What will GC do if there is a two level soft referenced object

Question

I know in Java we have concept of soft reference. What if:

1) There is a soft reference "sf" refer to an object A

2) In object A, it has a strong reference refers to object B

3) object A & B are not referenced anywhere else.

By definition, object A and object B are both "softly reachable", right?

Then say we are running out of memory now, GC kicks in. Is it possible that GC will recycle object B but not object A?

If that's the case, later if we want to access object B through "sf", it will be null. How java avoid such case to happen?

I don't see any explain in java doc.

Answer 1

Then say we are running out of memory now, GC kicks in. Is it possible that GC will recycle object B but not object A?

No. The GC will not break strong references in reachable objects. (It will, of course break references in unreachable objects as part of the reclamation process. But you can't observe that happening ... because to observe it, you'd need the object to still be reachable.)

This is a consequence of this statement in the javadoc for the java.lang.ref package.

"Finally, an object is unreachable, and therefore eligible for reclamation, when it is not reachable in any of the above ways."

... where "the above ways" includes strong, soft, weak and phantom reachability.

The two highlighted words mean that eligibility for reclamation is a consequence of being in the unreachable state. Since none of the other states mention reclamation eligibility, we conclude that non-reachability is a precondition for reclamation.

This certainly aligns with common sense. If (hypothetically) the GC was allowed to "null out" strong references in reachable objects, it would be impossible for an application to safely work with objects after they had gotten into this state. (Consider the case where the nulled-out reference was in an instance of a library class ...)

Answer 2

From the docs:

"An object is softly reachable if it is not strongly reachable but can be reached by traversing a soft reference."

"An object is strongly reachable if it can be reached by some thread without traversing any reference objects"

I think thats pretty clear. B is softly reachable because it is only reachable by traversing a soft reference.

Said Docs

Answer 3

I think a short introduction on how tracing GCs basically work should clear things up.

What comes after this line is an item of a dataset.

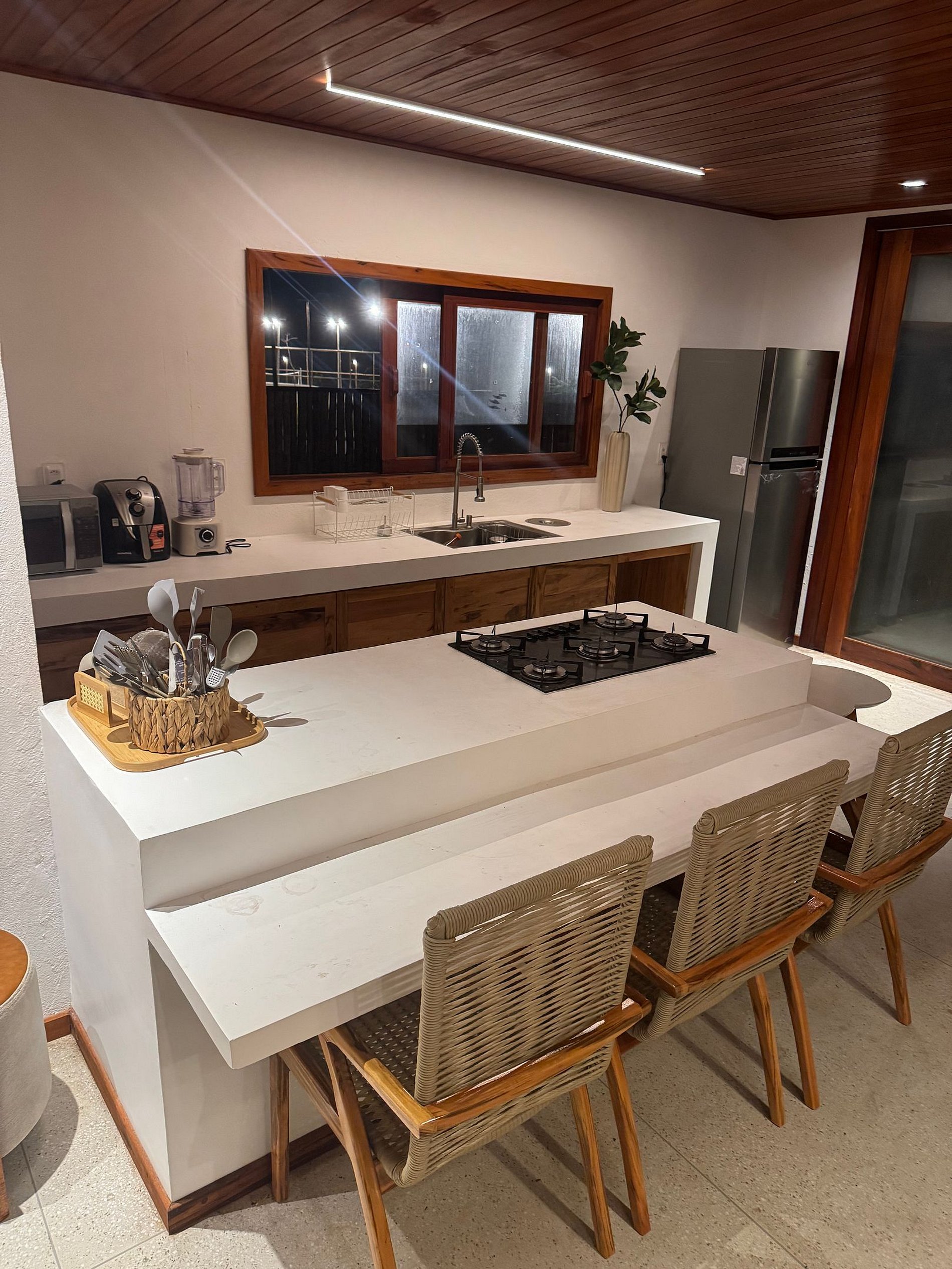 Essa casa está ganhando vida nos últimos detalhes, preparada com muito cuidado para receber hóspedes já no Réveillon. As 3 suítes térreas estão prontas, confortáveis e totalmente equipadas. A suíte do piso superior ainda não possui cama fixa, mas já conta com ar-condicionado e pode ser utilizada com colchões infláveis. Pequenos retoques finais podem acontecer, próprios dessa fase de conclusão, sem interferir no conforto, no lazer ou na experiência da estadia. Cada espaço foi pensado com carinho para que você se sinta em casa desde a chegada.

A tracing GC (the ones used in Java and .NET all fall into that category) has a set of so called root pointers, those are global variables (in java that means static variables of classes) and all live variables in the stackframes. The GC traverses these and marks all objects that are alive, i.e. reachable through references from at least one of the root pointers. When it has finished, all live variables have been marked and the rest can be garbage collected.

A soft reference now can be handled in two different ways: a) we follow the soft reference and mark all objects in it or b) we don't. What exactly happens is at the mercy of the given JVM implementation, but after that has been decided there's no other difference.

Hence there are two possible scenarios:

• The GC follows the soft reference to A in which case none of the two objects will be GCed.
• The GC doesn't follow the soft reference to A (and there are no hard references to it). A is GCed, B is GCed if no live object has a reference to it.